BMJ 2001;322:876-878 ( 14 April )

Editorials

Synchronous chemoradiation for squamous carcinomas

This has become the new gold standard---whatever the primary site

For many decades the primary treatment for common cancers has mostly been radical surgical resection (for example, for cancers of the large bowel, lung (non-small cell), kidney) or radical radiotherapy for inoperable cases or when tissue preservation is desirable and the cancer sufficiently radiosensitive (for example, cancers of the head and neck, notably larynx). Surgery and radical radiotherapy are sometimes competitors, but in other cancers (such as breast cancer) limited surgical intervention and radiotherapy used conjointly can offer the best compromise between the twin requirements of excellent local control with tissue preservation and near perfect cosmesis. Over the past few years a quiet revolution has been taking place, dramatically altering the treatment options in a surprisingly large proportion of patients with solid tumours. For patients with a squamous primary cancer at most of the common sites it is increasingly clear that traditional treatment with surgical excision, radiation therapy---or both---no longer offers the best possible choice.

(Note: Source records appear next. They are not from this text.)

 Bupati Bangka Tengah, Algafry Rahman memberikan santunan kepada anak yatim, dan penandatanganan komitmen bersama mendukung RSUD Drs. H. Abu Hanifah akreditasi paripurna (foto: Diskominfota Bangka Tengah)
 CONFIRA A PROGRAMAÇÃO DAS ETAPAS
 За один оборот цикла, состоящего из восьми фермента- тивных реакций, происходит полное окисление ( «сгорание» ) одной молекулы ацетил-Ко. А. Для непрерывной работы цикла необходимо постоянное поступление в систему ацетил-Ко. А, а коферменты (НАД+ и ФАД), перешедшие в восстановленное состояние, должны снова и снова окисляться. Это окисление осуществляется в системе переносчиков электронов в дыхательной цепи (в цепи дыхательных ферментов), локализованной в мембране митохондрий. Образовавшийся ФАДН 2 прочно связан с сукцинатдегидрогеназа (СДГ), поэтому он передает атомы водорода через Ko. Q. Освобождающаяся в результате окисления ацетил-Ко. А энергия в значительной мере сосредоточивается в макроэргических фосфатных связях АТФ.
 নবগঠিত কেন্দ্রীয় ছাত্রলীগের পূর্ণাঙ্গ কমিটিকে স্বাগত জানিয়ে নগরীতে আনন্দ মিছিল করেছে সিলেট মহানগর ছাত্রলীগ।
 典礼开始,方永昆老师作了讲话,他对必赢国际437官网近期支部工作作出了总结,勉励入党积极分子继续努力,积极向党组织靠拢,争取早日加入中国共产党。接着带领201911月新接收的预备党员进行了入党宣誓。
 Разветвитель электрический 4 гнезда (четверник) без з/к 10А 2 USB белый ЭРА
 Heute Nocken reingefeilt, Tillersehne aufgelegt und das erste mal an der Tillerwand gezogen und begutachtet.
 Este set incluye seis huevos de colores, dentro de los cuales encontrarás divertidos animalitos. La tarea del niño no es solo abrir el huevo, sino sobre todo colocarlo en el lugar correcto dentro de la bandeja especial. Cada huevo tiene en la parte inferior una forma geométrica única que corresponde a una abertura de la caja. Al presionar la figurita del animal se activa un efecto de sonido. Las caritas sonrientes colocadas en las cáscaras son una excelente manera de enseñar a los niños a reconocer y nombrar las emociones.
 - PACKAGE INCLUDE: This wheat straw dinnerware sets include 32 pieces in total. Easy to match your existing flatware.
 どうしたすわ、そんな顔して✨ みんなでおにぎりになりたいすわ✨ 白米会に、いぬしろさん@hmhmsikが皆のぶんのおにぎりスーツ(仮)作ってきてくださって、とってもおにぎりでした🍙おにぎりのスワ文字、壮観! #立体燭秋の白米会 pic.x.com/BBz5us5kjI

Giving chemotherapy in the adjuvant setting---shortly after completion of primary surgery or radiation therapy---has often been regarded as the best possible use of this valuable but demanding form of treatment. However, only recently has synchronous chemoradiation therapy been seriously assessed in the common squamous cancers. A simple but fundamentally important shift in timing has brought the use of chemotherapy alongside the radical radiation.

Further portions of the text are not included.